What is needed is an exact copy of every record below.

[RECORDS FOR THIS TASK Boundary: Start]

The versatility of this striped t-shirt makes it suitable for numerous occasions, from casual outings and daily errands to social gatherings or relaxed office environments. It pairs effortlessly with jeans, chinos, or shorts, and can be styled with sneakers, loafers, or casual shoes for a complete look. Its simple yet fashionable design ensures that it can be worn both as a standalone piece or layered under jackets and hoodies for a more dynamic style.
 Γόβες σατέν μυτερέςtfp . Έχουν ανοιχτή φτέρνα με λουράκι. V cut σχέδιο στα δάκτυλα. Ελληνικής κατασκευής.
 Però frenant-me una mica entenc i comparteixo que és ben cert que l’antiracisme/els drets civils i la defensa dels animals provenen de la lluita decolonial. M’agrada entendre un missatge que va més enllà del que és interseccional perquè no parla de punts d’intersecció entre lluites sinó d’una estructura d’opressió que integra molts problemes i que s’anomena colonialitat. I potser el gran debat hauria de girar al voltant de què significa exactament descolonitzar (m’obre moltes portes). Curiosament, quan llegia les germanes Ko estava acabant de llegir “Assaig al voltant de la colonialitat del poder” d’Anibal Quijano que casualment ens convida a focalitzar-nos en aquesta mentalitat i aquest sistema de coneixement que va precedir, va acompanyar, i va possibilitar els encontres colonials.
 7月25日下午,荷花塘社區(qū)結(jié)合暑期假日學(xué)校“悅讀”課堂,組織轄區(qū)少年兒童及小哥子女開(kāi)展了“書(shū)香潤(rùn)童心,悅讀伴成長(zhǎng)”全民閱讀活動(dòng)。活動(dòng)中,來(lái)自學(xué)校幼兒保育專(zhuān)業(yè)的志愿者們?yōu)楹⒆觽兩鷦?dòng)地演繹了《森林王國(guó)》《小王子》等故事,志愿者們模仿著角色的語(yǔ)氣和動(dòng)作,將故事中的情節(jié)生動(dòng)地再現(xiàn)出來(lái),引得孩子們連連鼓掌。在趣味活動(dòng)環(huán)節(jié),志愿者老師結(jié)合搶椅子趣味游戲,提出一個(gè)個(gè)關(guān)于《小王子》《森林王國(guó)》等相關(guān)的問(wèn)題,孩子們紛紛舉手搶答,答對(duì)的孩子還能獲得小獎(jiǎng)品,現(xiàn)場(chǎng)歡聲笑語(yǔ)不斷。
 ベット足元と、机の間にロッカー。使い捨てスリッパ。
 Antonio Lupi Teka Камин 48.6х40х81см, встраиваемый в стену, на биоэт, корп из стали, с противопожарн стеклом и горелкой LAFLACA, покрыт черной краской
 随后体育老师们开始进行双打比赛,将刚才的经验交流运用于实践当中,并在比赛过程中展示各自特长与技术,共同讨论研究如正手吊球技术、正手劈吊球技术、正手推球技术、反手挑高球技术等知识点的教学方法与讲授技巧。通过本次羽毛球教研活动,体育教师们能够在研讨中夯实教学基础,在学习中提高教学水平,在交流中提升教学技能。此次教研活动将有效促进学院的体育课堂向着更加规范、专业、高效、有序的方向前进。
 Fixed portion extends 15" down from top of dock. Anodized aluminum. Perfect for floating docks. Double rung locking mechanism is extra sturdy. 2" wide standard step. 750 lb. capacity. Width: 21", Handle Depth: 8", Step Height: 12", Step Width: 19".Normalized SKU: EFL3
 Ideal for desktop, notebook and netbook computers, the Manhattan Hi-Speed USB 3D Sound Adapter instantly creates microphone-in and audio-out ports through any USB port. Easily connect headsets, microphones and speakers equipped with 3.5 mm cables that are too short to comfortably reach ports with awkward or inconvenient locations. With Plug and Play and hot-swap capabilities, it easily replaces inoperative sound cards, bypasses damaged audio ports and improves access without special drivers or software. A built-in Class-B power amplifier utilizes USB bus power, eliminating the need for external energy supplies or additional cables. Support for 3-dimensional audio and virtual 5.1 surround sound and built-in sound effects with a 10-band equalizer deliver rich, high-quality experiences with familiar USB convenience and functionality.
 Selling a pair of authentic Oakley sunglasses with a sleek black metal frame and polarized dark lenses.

[RECORDS FOR THIS TASK Boundary: End]

*REPLY TO THE TASK:*
The versatility of this striped t-shirt makes it suitable for numerous occasions, from casual outings and daily errands to social gatherings or relaxed office environments. It pairs effortlessly with jeans, chinos, or shorts, and can be styled with sneakers, loafers, or casual shoes for a complete look. Its simple yet fashionable design ensures that it can be worn both as a standalone piece or layered under jackets and hoodies for a more dynamic style.
 Γόβες σατέν μυτερέςtfp . Έχουν ανοιχτή φτέρνα με λουράκι. V cut σχέδιο στα δάκτυλα. Ελληνικής κατασκευής.
 Però frenant-me una mica entenc i comparteixo que és ben cert que l’antiracisme/els drets civils i la defensa dels animals provenen de la lluita decolonial. M’agrada entendre un missatge que va més enllà del que és interseccional perquè no parla de punts d’intersecció entre lluites sinó d’una estructura d’opressió que integra molts problemes i que s’anomena colonialitat. I potser el gran debat hauria de girar al voltant de què significa exactament descolonitzar (m’obre moltes portes). Curiosament, quan llegia les germanes Ko estava acabant de llegir “Assaig al voltant de la colonialitat del poder” d’Anibal Quijano que casualment ens convida a focalitzar-nos en aquesta mentalitat i aquest sistema de coneixement que va precedir, va acompanyar, i va possibilitar els encontres colonials.
 7月25日下午,荷花塘社區(qū)結(jié)合暑期假日學(xué)校“悅讀”課堂,組織轄區(qū)少年兒童及小哥子女開(kāi)展了“書(shū)香潤(rùn)童心,悅讀伴成長(zhǎng)”全民閱讀活動(dòng)。活動(dòng)中,來(lái)自學(xué)校幼兒保育專(zhuān)業(yè)的志愿者們?yōu)楹⒆觽兩鷦?dòng)地演繹了《森林王國(guó)》《小王子》等故事,志愿者們模仿著角色的語(yǔ)氣和動(dòng)作,將故事中的情節(jié)生動(dòng)地再現(xiàn)出來(lái),引得孩子們連連鼓掌。在趣味活動(dòng)環(huán)節(jié),志愿者老師結(jié)合搶椅子趣味游戲,提出一個(gè)個(gè)關(guān)于《小王子》《森林王國(guó)》等相關(guān)的問(wèn)題,孩子們紛紛舉手搶答,答對(duì)的孩子還能獲得小獎(jiǎng)品,現(xiàn)場(chǎng)歡聲笑語(yǔ)不斷。
 ベット足元と、机の間にロッカー。使い捨てスリッパ。
 Antonio Lupi Teka Камин 48.6х40х81см, встраиваемый в стену, на биоэт, корп из стали, с противопожарн стеклом и горелкой LAFLACA, покрыт черной краской
 随后体育老师们开始进行双打比赛,将刚才的经验交流运用于实践当中,并在比赛过程中展示各自特长与技术,共同讨论研究如正手吊球技术、正手劈吊球技术、正手推球技术、反手挑高球技术等知识点的教学方法与讲授技巧。通过本次羽毛球教研活动,体育教师们能够在研讨中夯实教学基础,在学习中提高教学水平,在交流中提升教学技能。此次教研活动将有效促进学院的体育课堂向着更加规范、专业、高效、有序的方向前进。
 Fixed portion extends 15" down from top of dock. Anodized aluminum. Perfect for floating docks. Double rung locking mechanism is extra sturdy. 2" wide standard step. 750 lb. capacity. Width: 21", Handle Depth: 8", Step Height: 12", Step Width: 19".Normalized SKU: EFL3
 Ideal for desktop, notebook and netbook computers, the Manhattan Hi-Speed USB 3D Sound Adapter instantly creates microphone-in and audio-out ports through any USB port. Easily connect headsets, microphones and speakers equipped with 3.5 mm cables that are too short to comfortably reach ports with awkward or inconvenient locations. With Plug and Play and hot-swap capabilities, it easily replaces inoperative sound cards, bypasses damaged audio ports and improves access without special drivers or software. A built-in Class-B power amplifier utilizes USB bus power, eliminating the need for external energy supplies or additional cables. Support for 3-dimensional audio and virtual 5.1 surround sound and built-in sound effects with a 10-band equalizer deliver rich, high-quality experiences with familiar USB convenience and functionality.
 Selling a pair of authentic Oakley sunglasses with a sleek black metal frame and polarized dark lenses.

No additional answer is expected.